The engine has no Windows support so far, because MSVS doesn't even support c++11 and I'm already using c++14 features …
I tried some cross compilers, GCC and Clang for Windows but as long as you don't use MSVS you can't link against the system libraries, so it didn't work so far.
could you say whose of this features were bigger amount of work and
which ones here were less work to run?
Sorted them ascending from simple/less amount of work to hard/took long to implement:
- Localization: Support for different languages is a nice feature and really simple to code.
- Material Mapping: Only one texture lookup in the shader, no problem
- Using C++ 11 features: At the time I started this project I had no idea of c++11 only programmed c++03 so far, but it was intuitive and I learned quickly how to use all the new features of the language.
- Port from Mac OS 10.8 to Ubuntu 12.04: There are people out there who think that porting modern c++ code is nearly impossible and yes it is true, when it comes to Windows. But as long as you only want unix support, there is absolutely no problem. I installed a Ubuntu on an extern hard drive and put LLVM 3.4 and GIT on it, cloned my GIT-repository, built the make file and it worked. I just had to fix some system unique things like the path to the safe games … well, of course I had the advantage of using only cross platform libraries, right from the beginning, so it went like It went like clockwork.

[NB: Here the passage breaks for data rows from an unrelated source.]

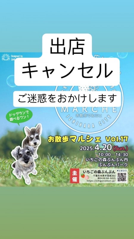 体調不良のため、明日のいちごの森ぶんぶんおさんぽマルシェは出店キャンセルします。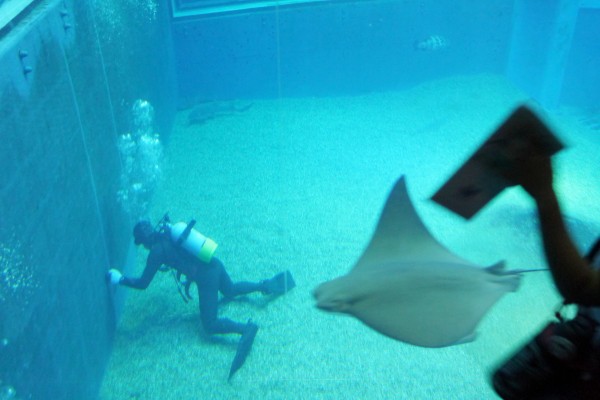 こちらも横長の水槽がぐるーっとあるので、こんなに近くに!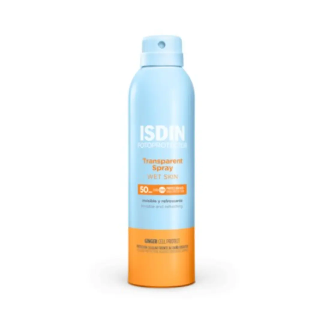 - ISDIN Fotoprotector Transparent Spray Wet Skin SPF50+ est perméable à l’eau grâce à la technologie Wetflex.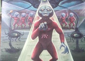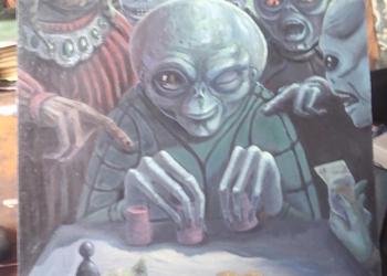 Продаю полную выставку Инопланетные пришельцы 21 картина, сделано ДВП размер ширина 60 см высота 90 см .

- Depth of Field / Fog and Edge Smooth / Antialiasing are all simple post processing shaders using the depth buffer.
- Texture Animation: A time uniform in each shader has to be in sync with the physics engines time.
- Deformable Terrain: Needs vertex buffer objects and vertex array objects, OpenGL 3.2 "features" …
- Logarithmic Depth Buffer: The math about it were the hardest part.
- Bump/Normal Mapping and Glass Refraction: Calculating the tangent and bitangent needs a geometry shader and is the hardest part about it.
- Particle Systems on GPU: Transformation feedback is also a OpenGL 3.2 feature and are hard to debug
- GUI and Text: There is no text or GUI rendering in OpenGL. You have to use another library or do it your self. I used SDL_ttf for the text and did the GUI my self, not difficult but lots of work
- Dynamic Shadows: Calculating and applying the shadow maps for all types of light sources took me (too) long
- Dynamic Reflections (Mirrors and Water): The math behind all types of reflections and the frustum clipping of the mirrored world were the worst part about it, using frame buffers and texture projection was fairly simple
- Skeletal Animation: Parsing a COLLADA, calculating the bone poses and implementing the shaders correctly is difficult
- Parallax Occlusion Mapping: Raytracing, Whoo! Keeping the performance and nice visual results is nearly impossible, but I'm okay with that trade off now
- Screen Space Ambient Occlusion: The same as above. Optimizing the performance while keeping the visual results is really difficult
- Deferred Lighting: Well, using something advanced as deferred shading/lighting means inventing your own graphics pipeline and together with maintaining all other graphics features and transparency it is a real pain in the ass and therefore drove me crazy.